There were many speeches against the Bill which were inaccurate, with flawed logic and were deeply offensive. Norman Tebbit actually said:

The rights of a homosexual man are identical to mine. Subject to the laws on incest and bigamy, we are each free to marry a woman.

Former Conservative Home Secretary David Waddington told an absolute whopper, accusing Nick Clegg of describing opponents of the Bill as bigots, which he never has done.

Lord Dannatt, who voted in favour of secret courts, a measure that was in nobody’s manifesto, called the bill an abuse of the democratic process akin to terrorism in Northern Ireland and the invasion of the Falklands.

It made me angry that LGBT people in the UK had to listen to such ill-informed prejudice come from their Parliament. Thankfully, though, there was  quite a lot of respite, with compelling, inspiring, genuine and heartfelt speeches in support. Sal’s speech was one such example. Here it is in full.

My Lords, last month it was wonderful to hear the general acclamation in the House for the First Reading of the Alan Turing (Statutory Pardon) Bill. It was the first time in my brief two and a half years in your Lordships’ Chamber that I have heard such a response to the First Reading of a Bill. It demonstrates how societal attitudes towards homosexuality have moved on over the past 60 years. It was brought home to me five years ago when my husband and I celebrated our silver wedding anniversary and two close gay friends invited us to their civil partnership, with a date chosen to mark 25 years of their private commitment to one another. Over that 25-year period they have been harassed and attacked, and are so cautious still that they would rather that I did not mention them by name. That ceremony was a moving event, but it was not marriage; it was a legal arrangement

that helped provide them with certain protections, but it was not the commitment that you have with marriage. I support civil partnerships but believe that marriage should be available to those who want to make that greater commitment.

The core of marriage to me as a Christian—and, by the by, as a member of the Church of England—is that the commitment made by two people of their undying love to each other, through good times and bad, through sickness and health, stable and faithful, as the most reverend Primate the Archbishop mentioned, is a building block of our society. I respect those for whom the theological arguments are core to their beliefs and practice but, frankly, I struggle to find those arguments expressed by Jesus himself in the New Testament. I also want to quote from the letter of the Bishop of Salisbury, who I suspect will be quoted frequently today. He says:

“The desire for the public acknowledgment and support of stable, faithful, adult, loving same sex sexual relationships is not addressed by the six Biblical passages about homosexuality which are concerned with sexual immorality, promiscuity, idolatry, exploitation and abuse. The theological debate is properly located in the Biblical accounts of marriage, which is why so many Christians see marriage as essentially heterosexual.

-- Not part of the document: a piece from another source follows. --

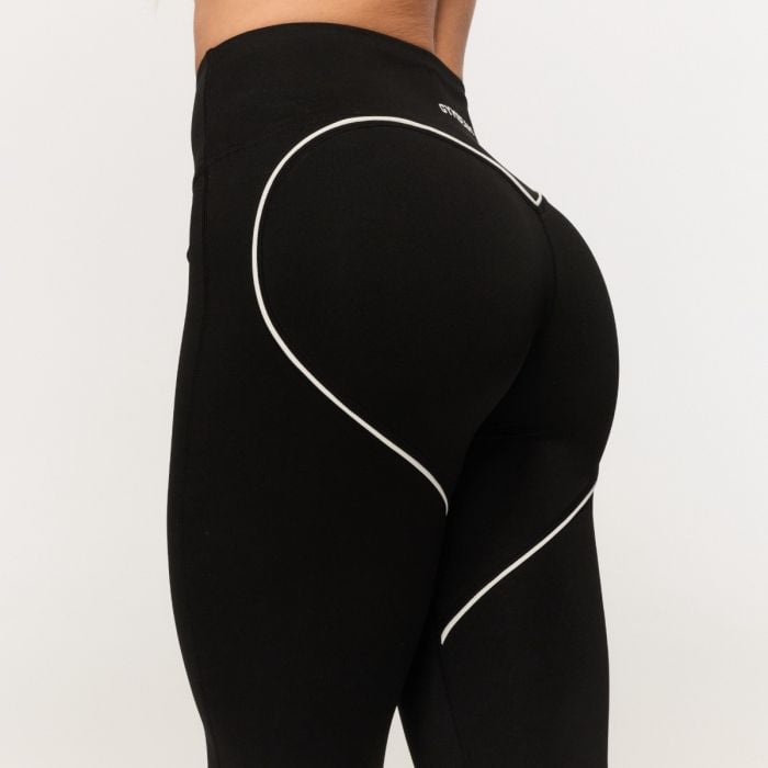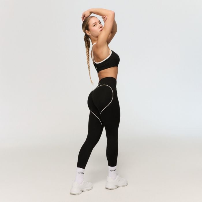 Ez a sport alapdarab hosszú szabású, amely tökéletesen alkalmazkodik az alakodhoz. A magas derék biztosítja, hogy a leggings biztonságosan a helyén maradjon, és ne csússzon le a még mély guggolások során se. Az elülső varrásmentes, zsebek nélküli kialakítás maximális kényelmet biztosít anélkül, hogy kényelmetlen nyomást vagy dörzsölést okozna. A kiemelkedő jellemzője, a nagy és kontrasztos szív alakú szegély a hátoldalon, amely vékony fehér csíkokból áll. Ez a részlet optikailag formálja a hátsó részt, és tökéletesen hangsúlyozza természetes idomaidat.

However, Christian morality comes from the mix of Bible, Christian tradition and our reasoned experience. Sometimes Christians have had to rethink the priorities of the Gospel in the light of experience”.

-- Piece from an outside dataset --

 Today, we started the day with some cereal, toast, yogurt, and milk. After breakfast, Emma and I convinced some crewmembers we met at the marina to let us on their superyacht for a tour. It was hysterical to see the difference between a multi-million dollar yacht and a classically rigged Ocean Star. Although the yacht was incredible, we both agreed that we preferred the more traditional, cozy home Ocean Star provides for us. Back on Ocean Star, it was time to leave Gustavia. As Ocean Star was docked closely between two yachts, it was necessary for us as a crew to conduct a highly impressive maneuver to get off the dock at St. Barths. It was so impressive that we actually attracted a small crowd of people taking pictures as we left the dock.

He goes on to cite slavery and the apartheid system in South Africa. I would add to that the church’s view, and that of society, about contraception early in the 20th century. My noble kinswoman Baroness Stocks was roundly and publicly harassed for working alongside Marie Stopes for early contraception. Society today would be horrified if that were to be repeated.

There are other faith groups that agree that same sex marriage is important. I briefly quote from Rabbi Lea Mühlstein, from the progressive West London Synagogue, who says:

“Judaism holds that every person was created in the image of God. It is clear to me that the divine image in all of us demands from each of us that we be treated equally before the law. As such, I am divinely obligated to respect the needs and wishes of my congregants—whether they be straight or gay, lesbian or bisexual”.

The Quakers, as ever, set the pace on this. In 1963, in their paper, Towards a Quaker View of Sex, they said:

“Surely it is the nature and quality of a relationship that matters; one must not judge by its outward appearance but by its inner worth … We see no reason why the physical nature of a sexual act should be the criterion by which the question whether or not it is moral should be decided. An act which expresses true affection between two individuals and gives pleasure to them both, does not seem to us to be sinful by reason alone of the fact that it is homosexual”.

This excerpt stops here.